When the user input includes a word not in the application vocabulary, it is changed
to "unk".
```{r OOV, eval = FALSE, echo=TRUE, include=TRUE}
unk <- unigramcount %>%
filter(n==1) %>%
slice_sample(n = mean(unigramcount$n))
unigram[unigram$ngram %in% unk$ngram,]$ngram <- "unk"
```
The application also includes code enabling the automatic "Stupid Back-off" in which
the highest level off n-gram is used that is available. This value is based on the
order of n-grams available as well as the length of the input text.
```{r backoff, eval = FALSE, echo=TRUE, include=TRUE}
n <- maxngram
for (i in 2:n){
if(i>5){ngrams.tbl[[i]] <- ngrams.tbl[[i]] %>%
filter(.[,i-5] == text$word[nrow(text)-4])}
if(i>4){ngrams.tbl[[i]] <- ngrams.tbl[[i]] %>%
filter(.[,i-4] == text$word[nrow(text)-3])}
if(i>3){ngrams.tbl[[i]] <- ngrams.tbl[[i]] %>%
filter(.[,i-3] == text$word[nrow(text)-2])}
if(i>2){ngrams.tbl[[i]] <- ngrams.tbl[[i]] %>%
filter(.[,i-2] == text$word[nrow(text)-1])}
ngrams.tbl[[i]] <- ngrams.tbl[[i]] %>%
filter(.[,i-1] == text$word[nrow(text)]) %>%
arrange(desc(n))}
```
## Model Performance
The models were tested by measuring the Perplexity which is a measure of the predictive
power of a probability distribution. N represents the number of words.

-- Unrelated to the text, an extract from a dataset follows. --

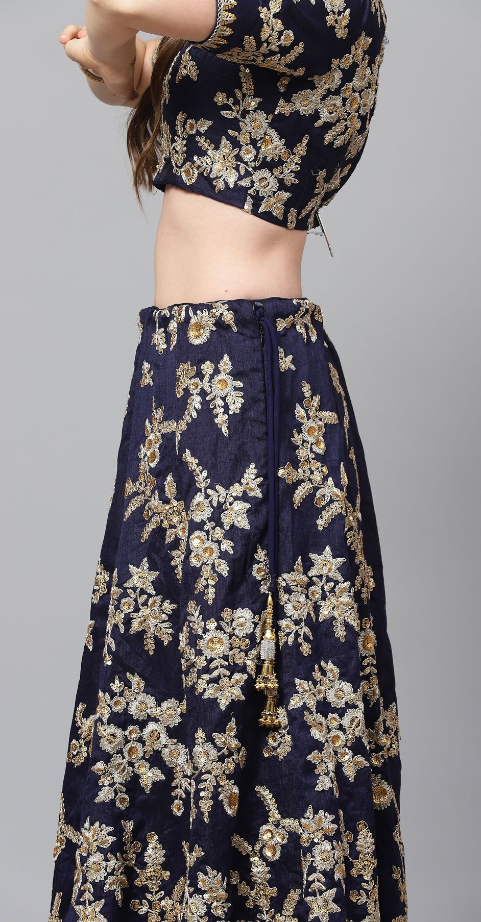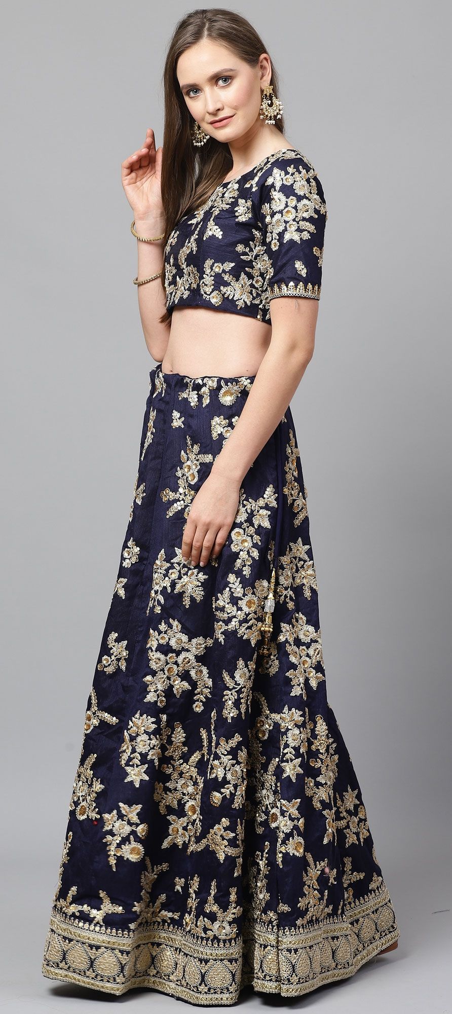 Blue color Lehenga in Bangalore Silk fabric with Embroidered, Sequence, Thread work
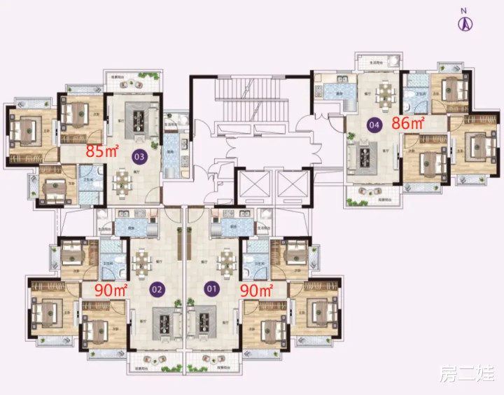 其中,22-23栋的约85㎡户型为北向3房1卫;86㎡和90㎡户型,为南向3房1卫;

$$PP(W) = 2^{\frac{1}{N}\Sigma^N_{i=1}log(p_i) }$$
Theses models were tested against testing sample of 500 lines not in the training
sample where each following word was predicted. In total there were `r nrow(mdl.perplex)`
test samples.
```{r testing, echo=TRUE, include = TRUE}
mdl.perplex %>% colMeans
mdl.acc %>% colMeans
```
The Maximum Likeliness Estimate produces an infinite perplexity due to words having
0 probability of occurring. The accuracies of all the model appear to all be similar.
The perplexity of the Absolute Discounting and Kneser Ney are pretty low but they
can be optimized by changing the discounting rate. Interestingly enough the Add one
model produces the smallest perplexity.